* [WHAT THE EXERCISE ASKS] An exact copy of every record is needed, with the pictures left out.

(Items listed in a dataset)
════════════════

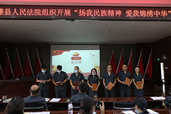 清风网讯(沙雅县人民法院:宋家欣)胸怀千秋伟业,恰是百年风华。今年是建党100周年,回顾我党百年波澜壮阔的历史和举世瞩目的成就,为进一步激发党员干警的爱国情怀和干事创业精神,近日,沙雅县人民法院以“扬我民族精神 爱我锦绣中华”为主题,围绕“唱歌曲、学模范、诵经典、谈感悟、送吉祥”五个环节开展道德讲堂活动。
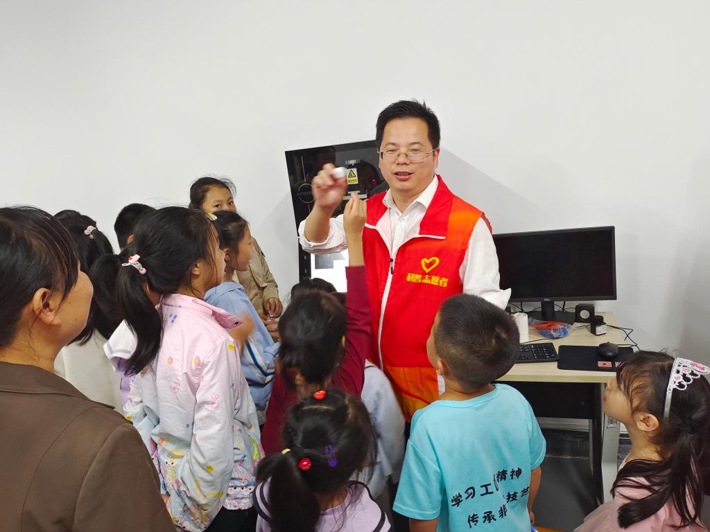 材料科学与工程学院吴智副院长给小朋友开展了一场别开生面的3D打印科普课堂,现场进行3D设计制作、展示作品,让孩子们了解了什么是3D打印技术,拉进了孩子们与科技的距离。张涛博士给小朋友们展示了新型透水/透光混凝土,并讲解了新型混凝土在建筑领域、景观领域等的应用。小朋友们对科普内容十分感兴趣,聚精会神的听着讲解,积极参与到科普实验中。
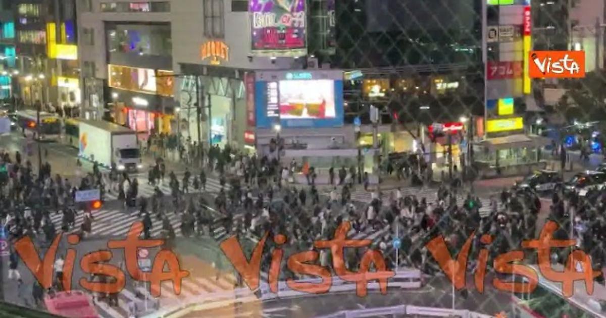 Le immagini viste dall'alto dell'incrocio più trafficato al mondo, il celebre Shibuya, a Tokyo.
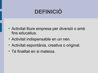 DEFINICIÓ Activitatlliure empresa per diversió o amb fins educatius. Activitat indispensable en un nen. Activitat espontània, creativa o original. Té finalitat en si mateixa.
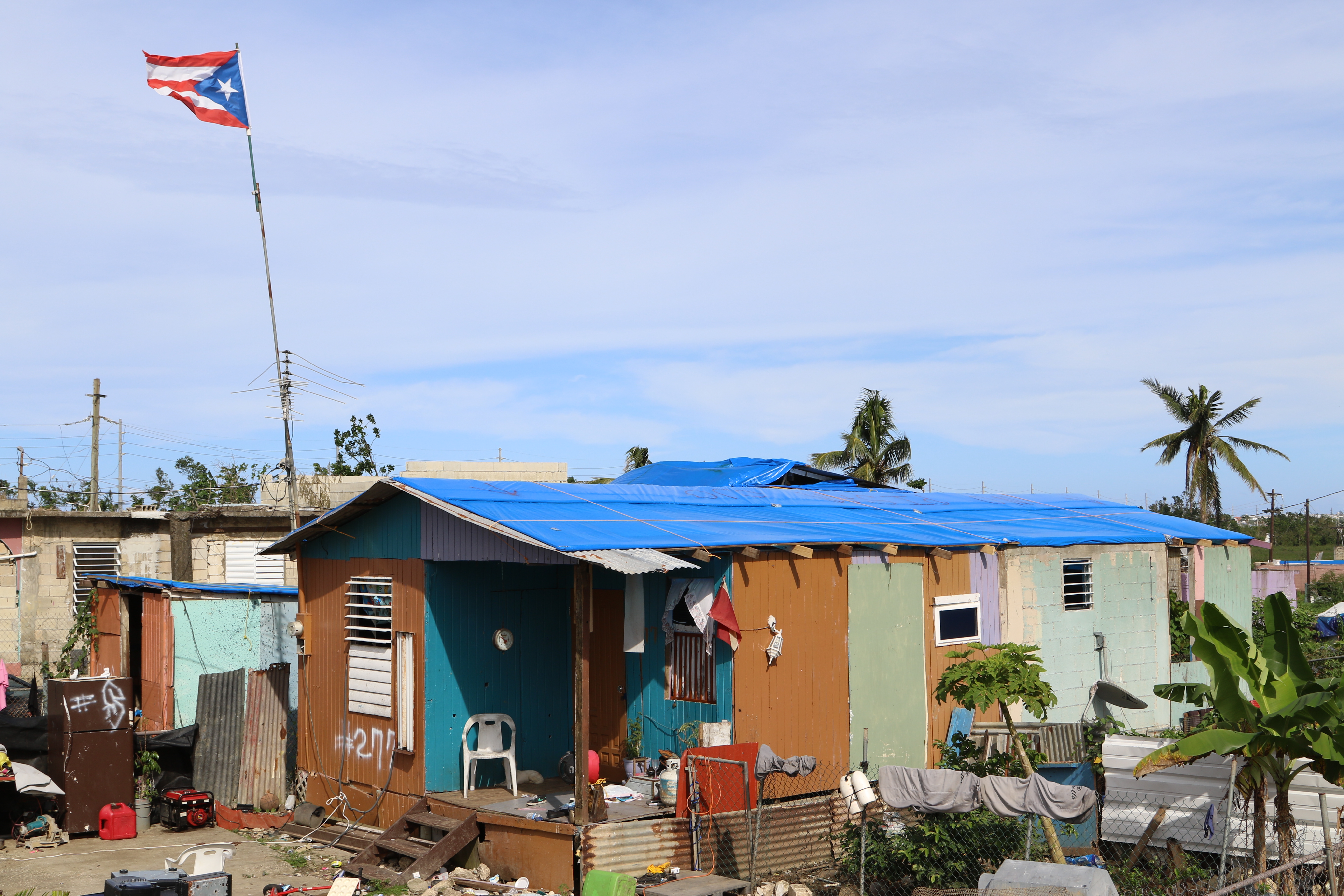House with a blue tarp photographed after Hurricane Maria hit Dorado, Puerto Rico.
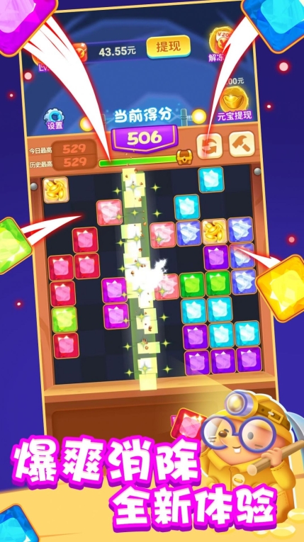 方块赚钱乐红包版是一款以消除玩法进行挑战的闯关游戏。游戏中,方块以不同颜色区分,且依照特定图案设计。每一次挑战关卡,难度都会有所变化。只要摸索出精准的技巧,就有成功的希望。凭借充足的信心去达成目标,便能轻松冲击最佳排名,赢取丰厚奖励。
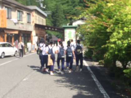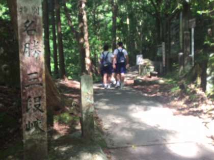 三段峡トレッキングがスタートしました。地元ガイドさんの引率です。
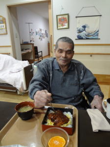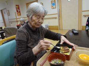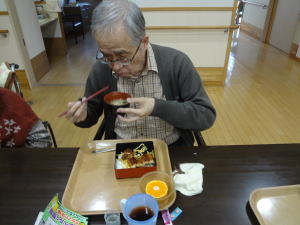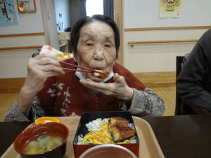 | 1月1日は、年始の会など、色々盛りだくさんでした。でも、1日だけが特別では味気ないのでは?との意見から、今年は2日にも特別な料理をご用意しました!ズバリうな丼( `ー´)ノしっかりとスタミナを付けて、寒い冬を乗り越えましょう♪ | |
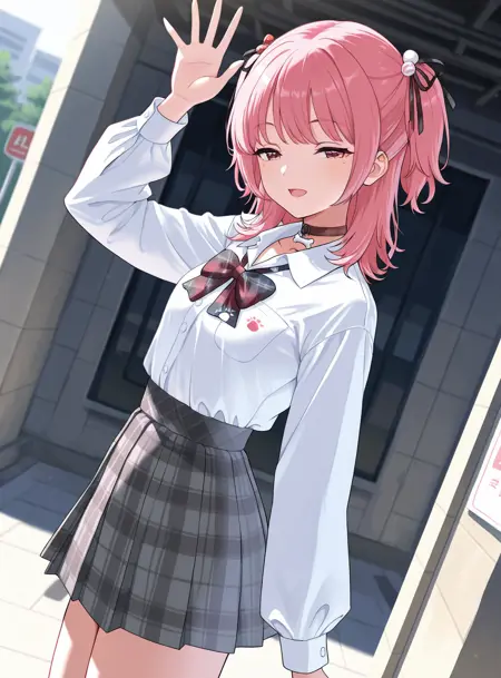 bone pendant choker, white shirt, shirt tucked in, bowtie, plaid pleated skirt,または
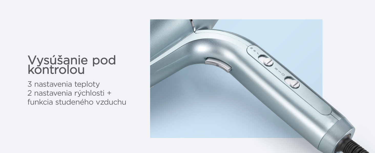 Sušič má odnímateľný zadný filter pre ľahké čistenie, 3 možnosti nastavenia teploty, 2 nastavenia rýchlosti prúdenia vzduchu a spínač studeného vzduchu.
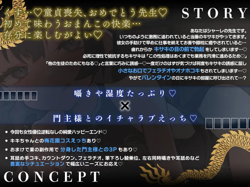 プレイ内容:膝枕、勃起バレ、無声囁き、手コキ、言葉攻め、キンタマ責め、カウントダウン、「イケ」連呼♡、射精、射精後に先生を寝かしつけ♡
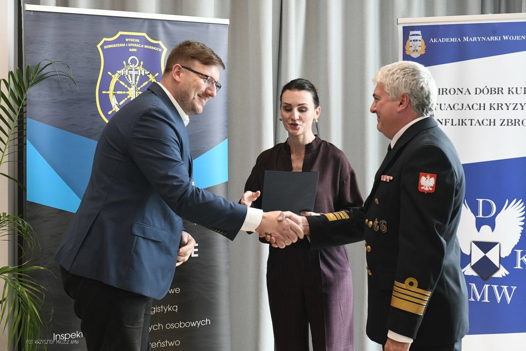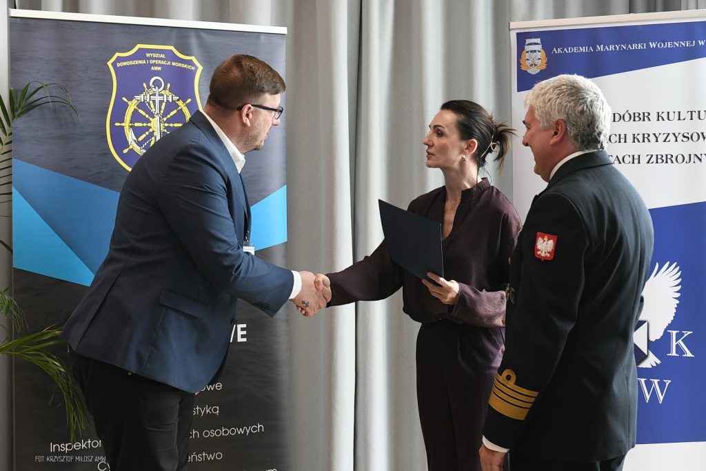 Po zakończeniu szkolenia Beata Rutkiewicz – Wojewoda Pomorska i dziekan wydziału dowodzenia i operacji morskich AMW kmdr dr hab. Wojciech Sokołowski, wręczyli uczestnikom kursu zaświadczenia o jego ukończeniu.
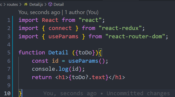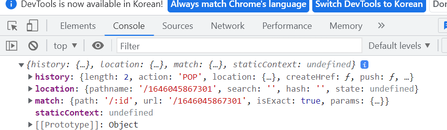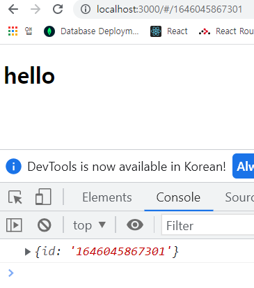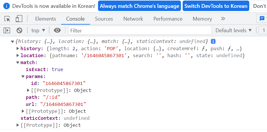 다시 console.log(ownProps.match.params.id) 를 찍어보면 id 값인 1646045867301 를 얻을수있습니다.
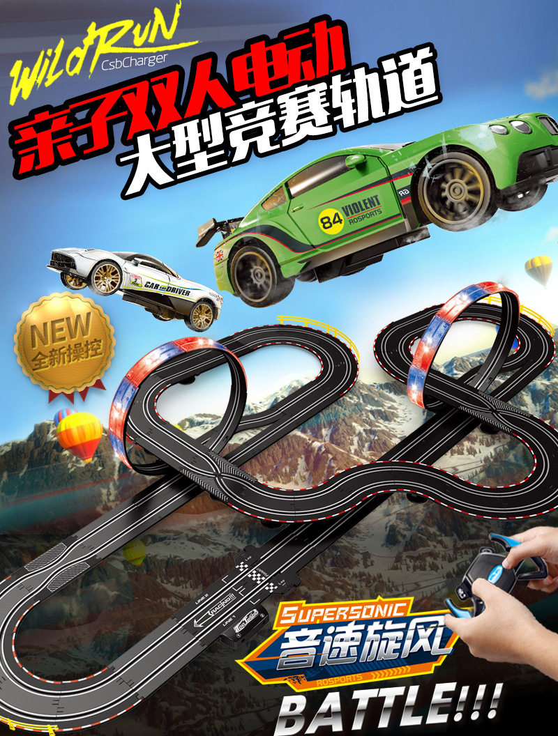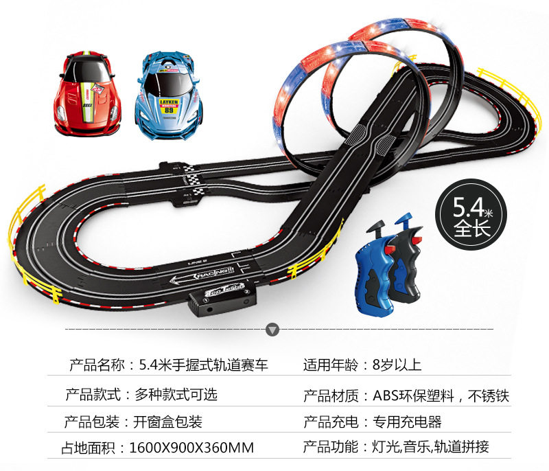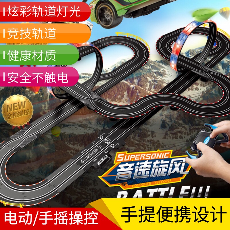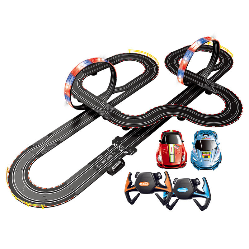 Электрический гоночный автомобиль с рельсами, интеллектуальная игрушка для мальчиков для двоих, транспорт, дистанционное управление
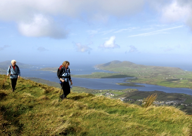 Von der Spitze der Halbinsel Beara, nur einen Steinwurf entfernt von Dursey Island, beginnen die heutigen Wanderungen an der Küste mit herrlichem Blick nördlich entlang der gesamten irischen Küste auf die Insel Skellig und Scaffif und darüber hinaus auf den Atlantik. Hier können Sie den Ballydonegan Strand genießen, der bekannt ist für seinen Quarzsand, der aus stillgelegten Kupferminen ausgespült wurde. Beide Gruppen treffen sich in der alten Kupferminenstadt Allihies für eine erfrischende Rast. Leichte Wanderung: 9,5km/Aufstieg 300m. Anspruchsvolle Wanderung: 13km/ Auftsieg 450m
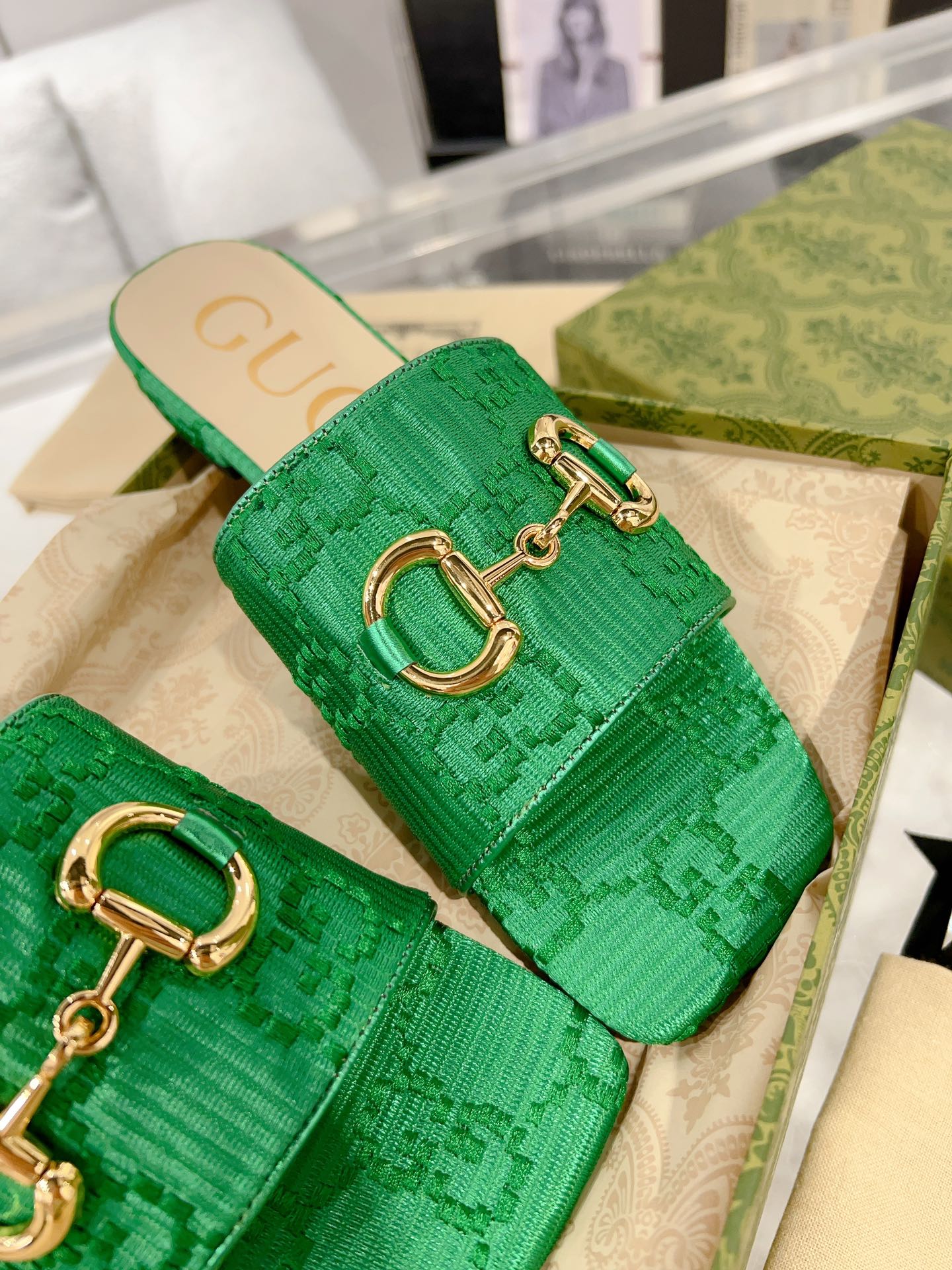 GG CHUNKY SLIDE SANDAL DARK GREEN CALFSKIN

════════════════

* [WORKED SOLUTION]
 清风网讯(沙雅县人民法院:宋家欣)胸怀千秋伟业,恰是百年风华。今年是建党100周年,回顾我党百年波澜壮阔的历史和举世瞩目的成就,为进一步激发党员干警的爱国情怀和干事创业精神,近日,沙雅县人民法院以“扬我民族精神 爱我锦绣中华”为主题,围绕“唱歌曲、学模范、诵经典、谈感悟、送吉祥”五个环节开展道德讲堂活动。
 材料科学与工程学院吴智副院长给小朋友开展了一场别开生面的3D打印科普课堂,现场进行3D设计制作、展示作品,让孩子们了解了什么是3D打印技术,拉进了孩子们与科技的距离。张涛博士给小朋友们展示了新型透水/透光混凝土,并讲解了新型混凝土在建筑领域、景观领域等的应用。小朋友们对科普内容十分感兴趣,聚精会神的听着讲解,积极参与到科普实验中。
 Le immagini viste dall'alto dell'incrocio più trafficato al mondo, il celebre Shibuya, a Tokyo.
 DEFINICIÓ Activitatlliure empresa per diversió o amb fins educatius. Activitat indispensable en un nen. Activitat espontània, creativa o original. Té finalitat en si mateixa.
House with a blue tarp photographed after Hurricane Maria hit Dorado, Puerto Rico.
 方块赚钱乐红包版是一款以消除玩法进行挑战的闯关游戏。游戏中,方块以不同颜色区分,且依照特定图案设计。每一次挑战关卡,难度都会有所变化。只要摸索出精准的技巧,就有成功的希望。凭借充足的信心去达成目标,便能轻松冲击最佳排名,赢取丰厚奖励。
 三段峡トレッキングがスタートしました。地元ガイドさんの引率です。
 | 1月1日は、年始の会など、色々盛りだくさんでした。でも、1日だけが特別では味気ないのでは?との意見から、今年は2日にも特別な料理をご用意しました!ズバリうな丼( `ー´)ノしっかりとスタミナを付けて、寒い冬を乗り越えましょう♪ | |
 bone pendant choker, white shirt, shirt tucked in, bowtie, plaid pleated skirt,または
 Sušič má odnímateľný zadný filter pre ľahké čistenie, 3 možnosti nastavenia teploty, 2 nastavenia rýchlosti prúdenia vzduchu a spínač studeného vzduchu.
 プレイ内容:膝枕、勃起バレ、無声囁き、手コキ、言葉攻め、キンタマ責め、カウントダウン、「イケ」連呼♡、射精、射精後に先生を寝かしつけ♡
 Po zakończeniu szkolenia Beata Rutkiewicz – Wojewoda Pomorska i dziekan wydziału dowodzenia i operacji morskich AMW kmdr dr hab. Wojciech Sokołowski, wręczyli uczestnikom kursu zaświadczenia o jego ukończeniu.
 다시 console.log(ownProps.match.params.id) 를 찍어보면 id 값인 1646045867301 를 얻을수있습니다.
 Электрический гоночный автомобиль с рельсами, интеллектуальная игрушка для мальчиков для двоих, транспорт, дистанционное управление
 Von der Spitze der Halbinsel Beara, nur einen Steinwurf entfernt von Dursey Island, beginnen die heutigen Wanderungen an der Küste mit herrlichem Blick nördlich entlang der gesamten irischen Küste auf die Insel Skellig und Scaffif und darüber hinaus auf den Atlantik. Hier können Sie den Ballydonegan Strand genießen, der bekannt ist für seinen Quarzsand, der aus stillgelegten Kupferminen ausgespült wurde. Beide Gruppen treffen sich in der alten Kupferminenstadt Allihies für eine erfrischende Rast. Leichte Wanderung: 9,5km/Aufstieg 300m. Anspruchsvolle Wanderung: 13km/ Auftsieg 450m
 GG CHUNKY SLIDE SANDAL DARK GREEN CALFSKIN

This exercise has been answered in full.